Fears of another war are growing in Bosnia and Herzegovina as xenophobia and nationalist rivalries surge in the largely autonomous and Serb-dominated entity of Republika Srpska. Observers are warning that a growing separatist movement in the territory threatens the terms of the Dayton Accords that ended the Bosnian War of the 1990s.
That conflict killed more than 100,000 people and displaced some 1 million civilians through interethnic violence between Catholic Croats, Bosnian Muslims—or Bosniaks—and Orthodox Christian Serbs. Republika Srpska, the majority-Serb enclave of Bosnia and Herzegovina that was formalized by the U.S.-brokered Dayton Accords, virtually cleansed the bulk of its territory of Croats and Bosniaks during the conflict. More than two decades later, the siege of Sarajevo and the massacre at Srebrenica still evoke horrifying images of the war crimes committed.

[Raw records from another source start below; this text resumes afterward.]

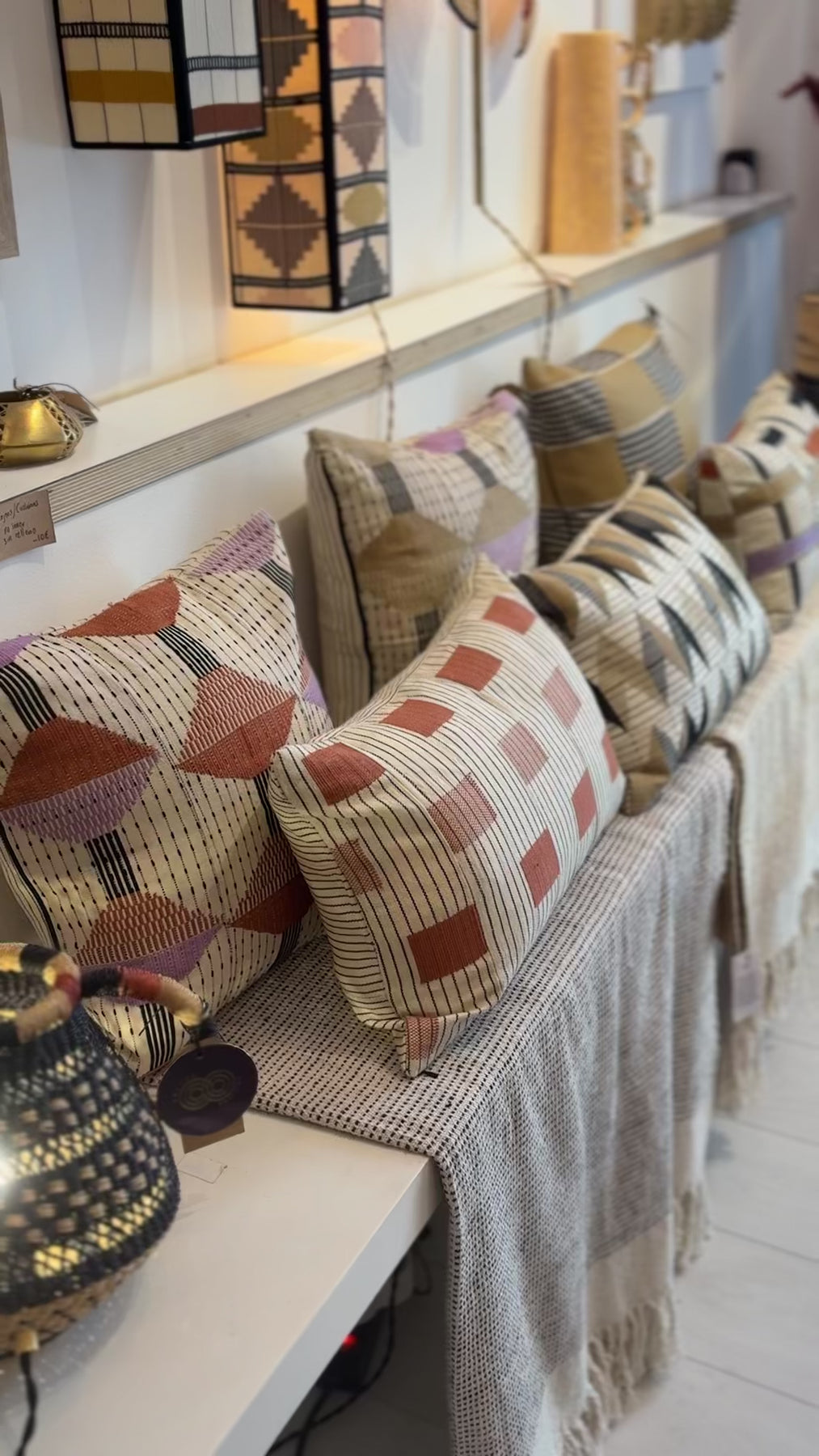 Square cushion handwoven in Ghana from authentic Kente textile. The Throne Cushion blends heritage weaving with contemporary colour combinations, bringing depth and character to sofas, armchairs, or beds. Ethically handmade and finished with care by Golden Editions.
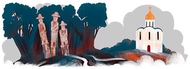 В городах возводили прекрасные белокаменные храмы. А рядом с городами, в лесах и рощах, люди устраивали капища места, где поклонялись языческим богам.
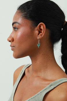 Sold out - Turquoise Cactus Drop Earrings - Bohemian Desert Style ๐ต
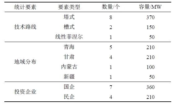 從技術(shù)路線來(lái)看,11個(gè)已建成項(xiàng)目中,包括塔式8個(gè)(含1個(gè)二次聚光塔式)、槽式2個(gè)、線性菲涅爾式1個(gè)(該項(xiàng)目是全球首個(gè)商業(yè)化熔鹽線性菲涅爾式項(xiàng)目)。從地域分布來(lái)看,11個(gè)已建成項(xiàng)目中,青海5個(gè)、甘肅4個(gè)、內(nèi)蒙古1個(gè)、新疆1個(gè)。從投資企業(yè)來(lái)看,11個(gè)已建成項(xiàng)目中,國(guó)企7個(gè)、民企4個(gè)。從上網(wǎng)電價(jià)看,11個(gè)項(xiàng)目的申報(bào)電價(jià)均在1.15~1.20元之間。
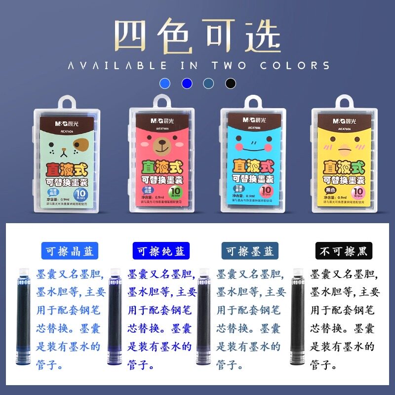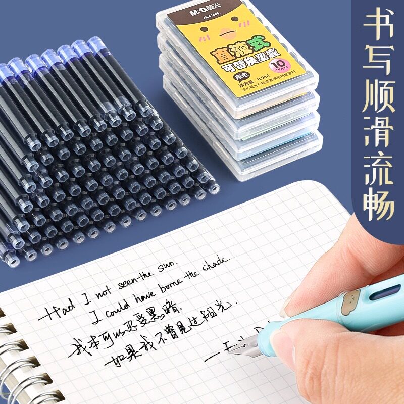 晨光可擦墨囊小学生专用钢笔墨囊可替换墨囊通用3.4mm替换盒装纯蓝晶蓝 蓝黑色墨水墨胆三年级专用直液式笔囊
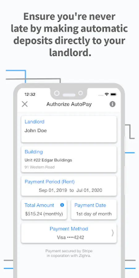 Auto Payment feature which allows automatic withdraws to your landlord.
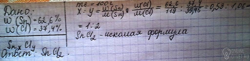 Массовые доли олова и хлора в хлориде олова равны соответственно 62,6 и 37,4%. Определите простейшую формулу хлорида.
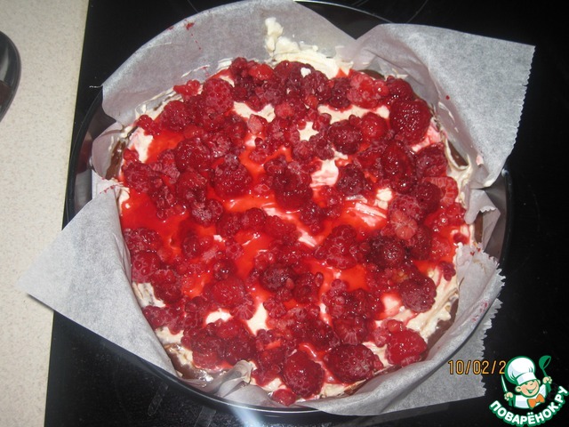 Разравниваем. Поверх сливочного слоя выкладываем малину (грамм 180, остальная пойдет на украшение)...
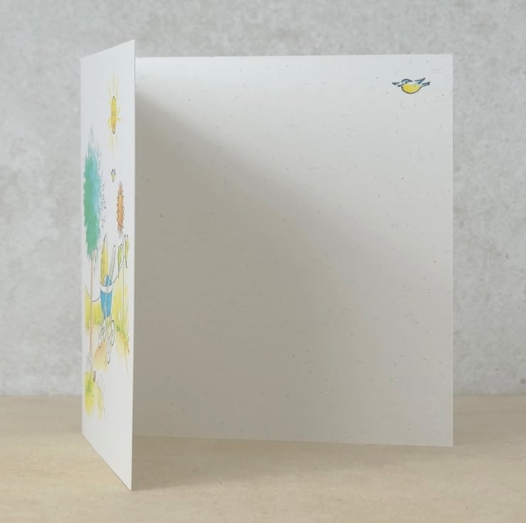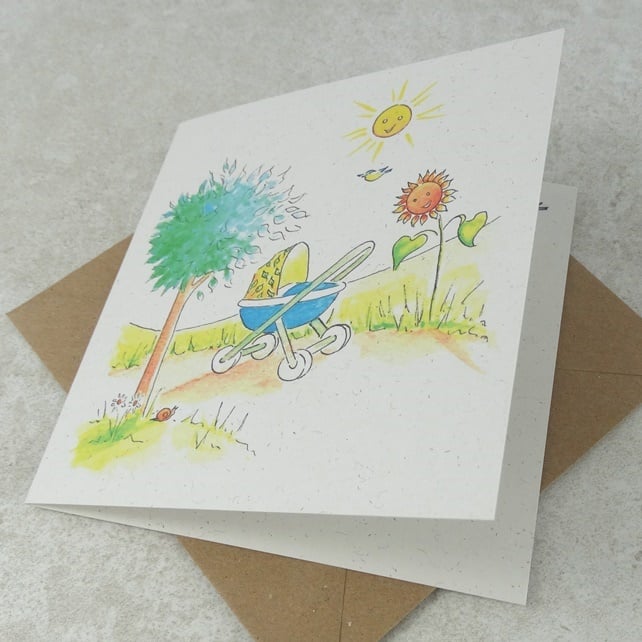 This eco friendly new baby card has been printed using 100% recycled oatmeal finish style 320g card, using my original illustration and has been left blank inside for your own special message. This card has lovely naturally occurring flecks as shown in photographs above.
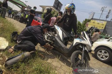 Pengendara diberikan hukuman mendengarkan suara knalpot bising miliknya usai terjaring razia yang digelar Satlantas Polres Metro Depok di Jalan Margonda, Depok, Jawa Barat, Jumat (19/3/2021). Puluhan motor berknalpot bising yang terjaring razia diwajibkan mengganti knalpot dan diberikan sanksi tilang. ANTARA FOTO/Asprilla Dwi Adha/rwa.

A former member of the Croatian parliament is gathering support for what he says may be the only workable way to avoid further escalation and ensure long-term peace. The plan put forward by the former Croatian lawmaker, Ivan Bagaric, calls for fast-tracking Bosnia and Herzegovina’s membership in the European Union and demilitarizing the country. Bosnia formally applied for EU membership last year, and its application was accepted by the bloc’s 28 member states in September.